Há aqueles que têm dificuldade de sentir-se gratos. Eles se abstêm de agradecer um favor ou
uma gentileza porque creem que, ao fazê-lo, ficam endividados perante o outro. Pessoas
realmente livres não têm dificuldade em agradecer e receber agradecimentos. Entendem que,
na vida, todos nós damos e todos nós recebemos.

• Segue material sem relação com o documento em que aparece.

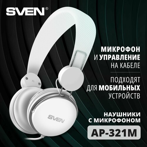 Наушники с микрофоном (гарнитура) SVEN AP-860MV, проводные, 2 м, с оголовьем, черные, SV-0410860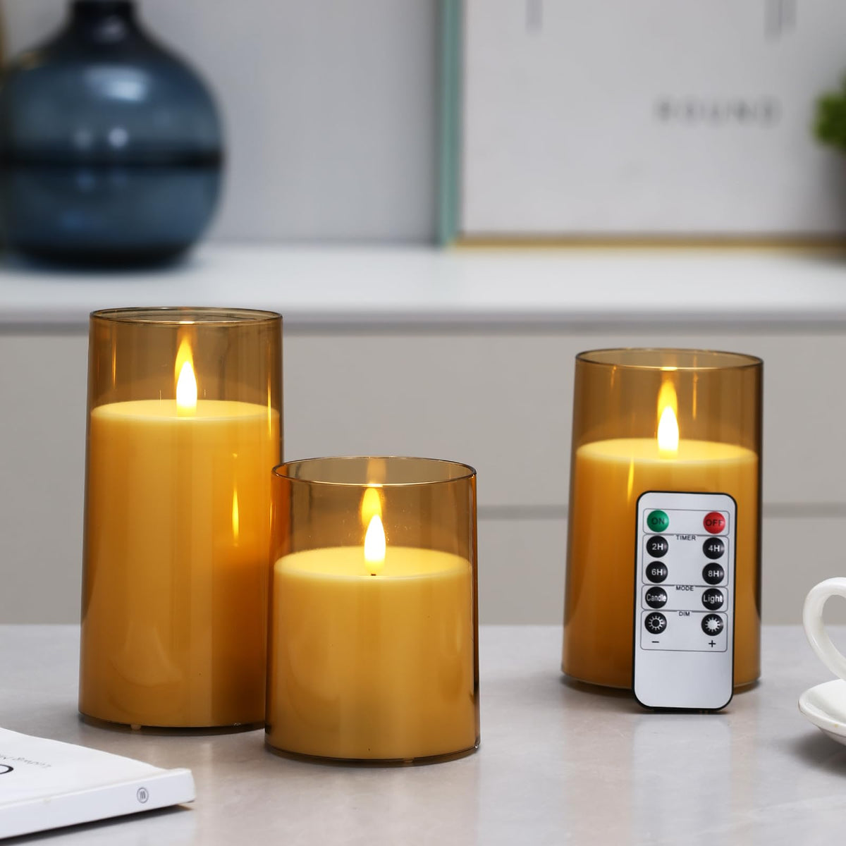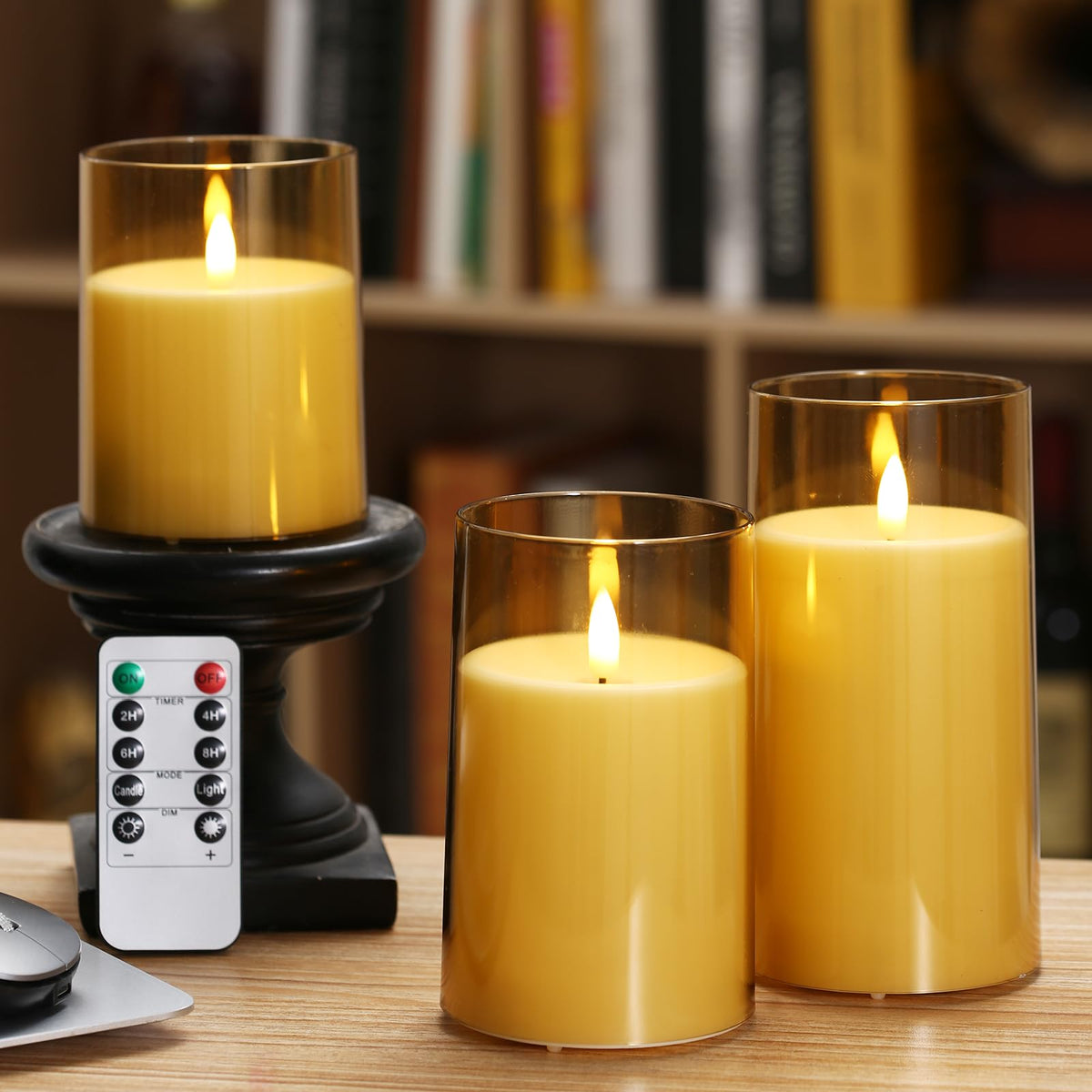 Q: How do I operate the remote control for the flameless candles?A: The included 10-key remote control allows you to operate the candles from up to 18 feet away. You can easily turn them ON/OFF, change light modes, adjust brightness, and set timers for 2, 4, 6, or 8 hours.

Aqueles que não são agradecidos não são livres, pois acreditam – ou fingem acreditar – que são
autossuficientes. A ideia de que não devemos nada a ninguém é de uma arrogância sem par, já
que até as pessoas mais realizadas têm muito a dever aos outros: a Elohim, a seus pais e mestres,
e a todo aquele que ao longo da vida os ajudou. Ser ingrato e ter relacionamentos saudáveis são
coisas opostas – seja com Elohim, seja com outros seres humanos. Ninguém é verdadeiramente
livre se julga não dever favores a ninguém. Quem não é agradecido não é livre, pois vive em um
mundo de ilusória autossuficiência.
Nirtsá responde a uma pergunta existencial que deve ser feita e satisfatoriamente respondida
quando a pessoa deseja alcançar a verdadeira liberdade interior: qual a finalidade de se esforçar
tanto para alcançar a liberdade interior e o crescimento espiritual? Para que, sinceramente,
cumprir esses 15 passos? Por que seguir uma vida de dedicação a Elohim e à alma (passo 1), de
verdade e decência (passo 2), de santificação do corpo (passo 3), de humildade (passo 4), de
conhecimento e estudo da Torá (passo 5), de aperfeiçoamento espiritual (passo 6), de equilíbrio
entre o físico e o espiritual (passo 7), de modéstia (passo 8), de sofrimento saudável (passo 9),
de coragem e resiliência (passo 10), de generosidade e hospitalidade (passo 11), de psicanálise
espiritual (passo 12), de agradecimento (passo 13) e de enaltecimento (passo 14)?
Seder de Pêssach 9
A resposta é o 15o passo – Nirtsá. Ou seja, a crença de que isso é o que Elohim espera de cada
um de nós. Nirtsá nos ensina que nossos esforços para alcançar a libertação interior e o
crescimento espiritual têm grande importância perante Elohim. E transmite a ideia de que
quando o ser humano se empenha em viver a vida que Elohim espera que ele viva, esse homem
cumpre o propósito para o qual foi criado e enviado a este mundo. E, portanto, o Mestre do
Universo se satisfaz com seu serviço.